### Instructions for the task
Starting at the line with "- What You'll" and ending at the line with "Beskrivelse: Masaistruds i", print exactly the lines of the entries below. Pictures do not belong in the copy.

### Dataset entries
◆ ◆ ◆

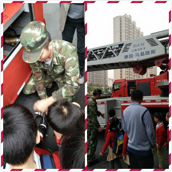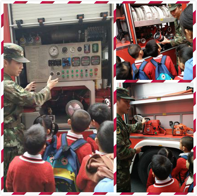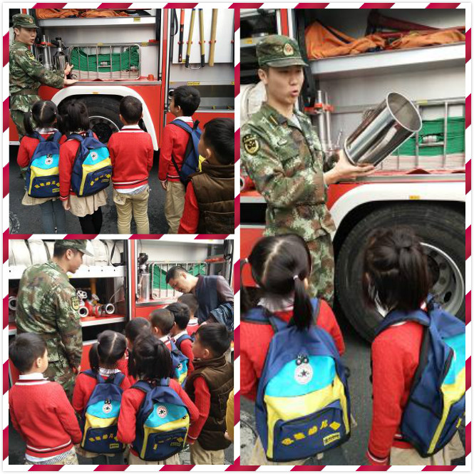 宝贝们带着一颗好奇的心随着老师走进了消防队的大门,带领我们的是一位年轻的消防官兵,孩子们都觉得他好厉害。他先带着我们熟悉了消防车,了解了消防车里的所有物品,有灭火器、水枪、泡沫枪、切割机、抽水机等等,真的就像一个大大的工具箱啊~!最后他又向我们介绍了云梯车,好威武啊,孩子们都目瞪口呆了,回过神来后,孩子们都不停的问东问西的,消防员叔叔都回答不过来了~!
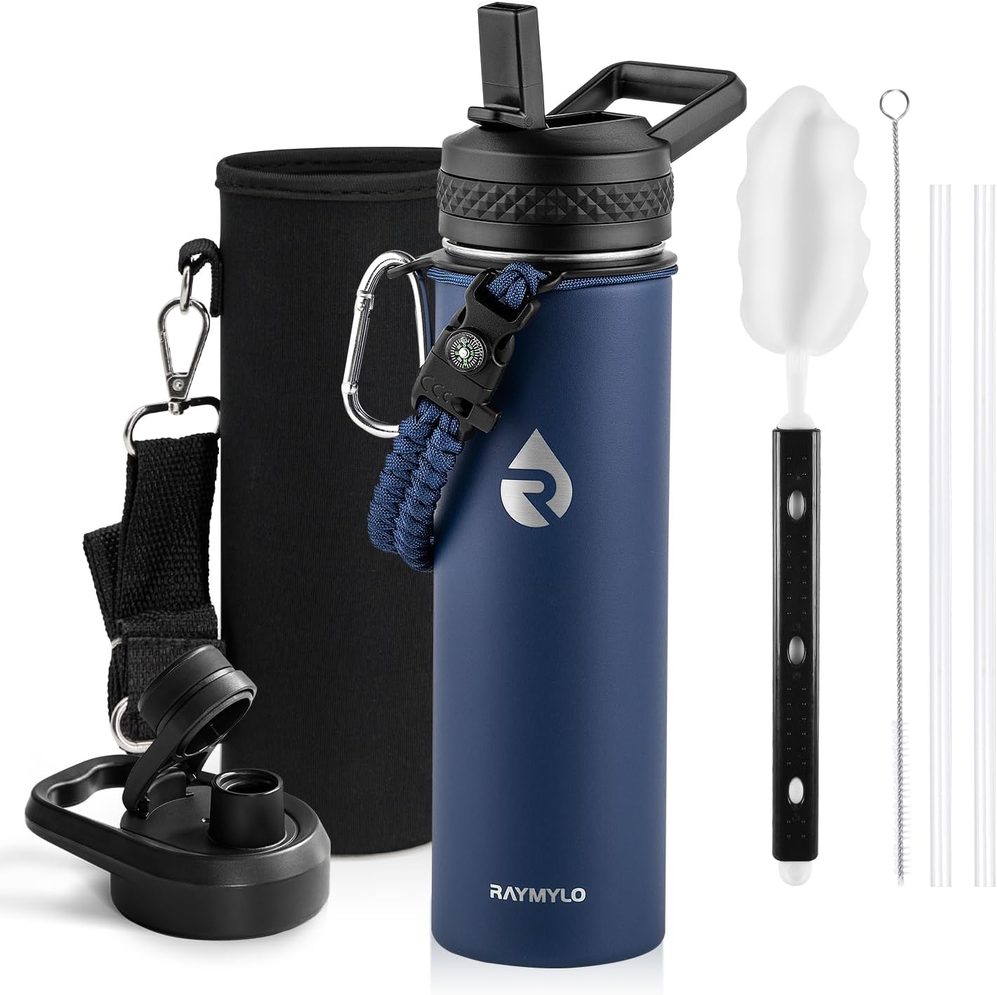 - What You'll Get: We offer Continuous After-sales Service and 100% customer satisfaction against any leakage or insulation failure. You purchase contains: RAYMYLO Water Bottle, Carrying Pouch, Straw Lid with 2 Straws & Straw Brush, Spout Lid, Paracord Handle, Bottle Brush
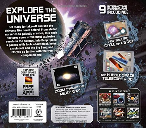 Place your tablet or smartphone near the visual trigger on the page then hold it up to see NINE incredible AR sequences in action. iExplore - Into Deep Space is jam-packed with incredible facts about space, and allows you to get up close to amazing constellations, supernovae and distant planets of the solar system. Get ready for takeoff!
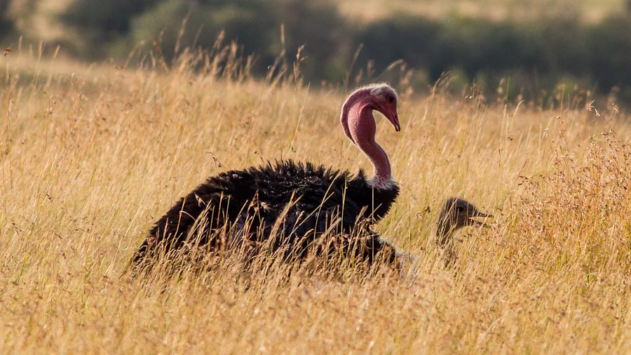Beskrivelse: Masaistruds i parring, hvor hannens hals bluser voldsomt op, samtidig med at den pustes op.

◆ ◆ ◆

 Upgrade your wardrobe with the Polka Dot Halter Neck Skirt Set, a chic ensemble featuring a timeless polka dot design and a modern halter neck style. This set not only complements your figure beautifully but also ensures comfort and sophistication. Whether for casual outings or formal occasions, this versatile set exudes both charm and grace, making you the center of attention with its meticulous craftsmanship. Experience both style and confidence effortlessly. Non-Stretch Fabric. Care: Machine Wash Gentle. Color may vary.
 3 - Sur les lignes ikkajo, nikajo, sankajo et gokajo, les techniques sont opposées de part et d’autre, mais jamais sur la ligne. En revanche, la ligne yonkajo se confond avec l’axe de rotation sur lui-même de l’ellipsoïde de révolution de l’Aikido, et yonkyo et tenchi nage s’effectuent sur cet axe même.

◆ ◆ ◆

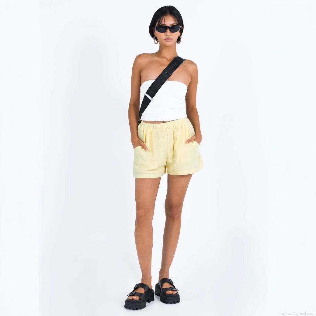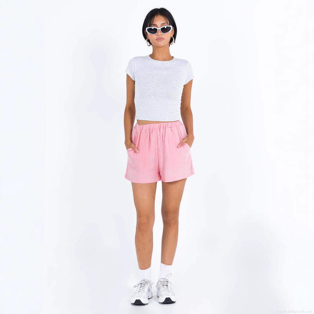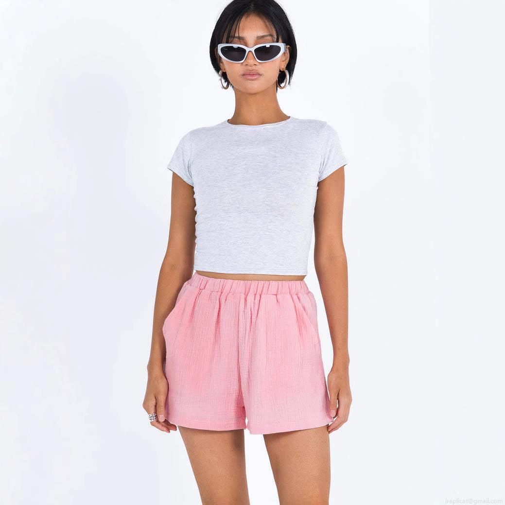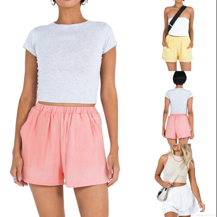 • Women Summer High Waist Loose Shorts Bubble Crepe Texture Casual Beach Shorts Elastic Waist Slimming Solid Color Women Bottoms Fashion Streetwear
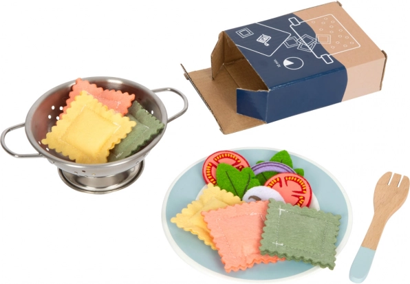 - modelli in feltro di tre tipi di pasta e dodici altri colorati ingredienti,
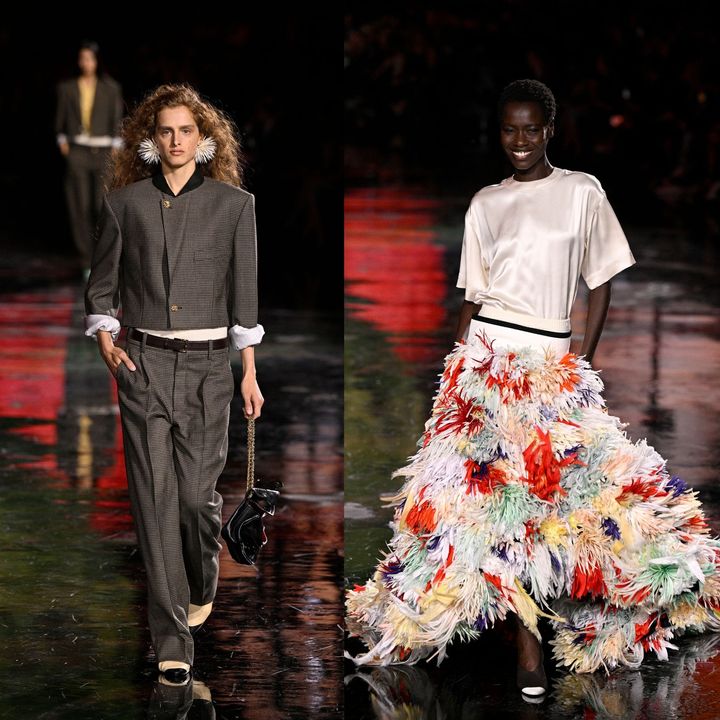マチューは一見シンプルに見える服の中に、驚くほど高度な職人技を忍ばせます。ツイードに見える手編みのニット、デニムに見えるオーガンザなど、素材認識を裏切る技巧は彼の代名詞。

◆ ◆ ◆

### Written reply
 - What You'll Get: We offer Continuous After-sales Service and 100% customer satisfaction against any leakage or insulation failure. You purchase contains: RAYMYLO Water Bottle, Carrying Pouch, Straw Lid with 2 Straws & Straw Brush, Spout Lid, Paracord Handle, Bottle Brush
 Place your tablet or smartphone near the visual trigger on the page then hold it up to see NINE incredible AR sequences in action. iExplore - Into Deep Space is jam-packed with incredible facts about space, and allows you to get up close to amazing constellations, supernovae and distant planets of the solar system. Get ready for takeoff!
Beskrivelse: Masaistruds i parring, hvor hannens hals bluser voldsomt op, samtidig med at den pustes op.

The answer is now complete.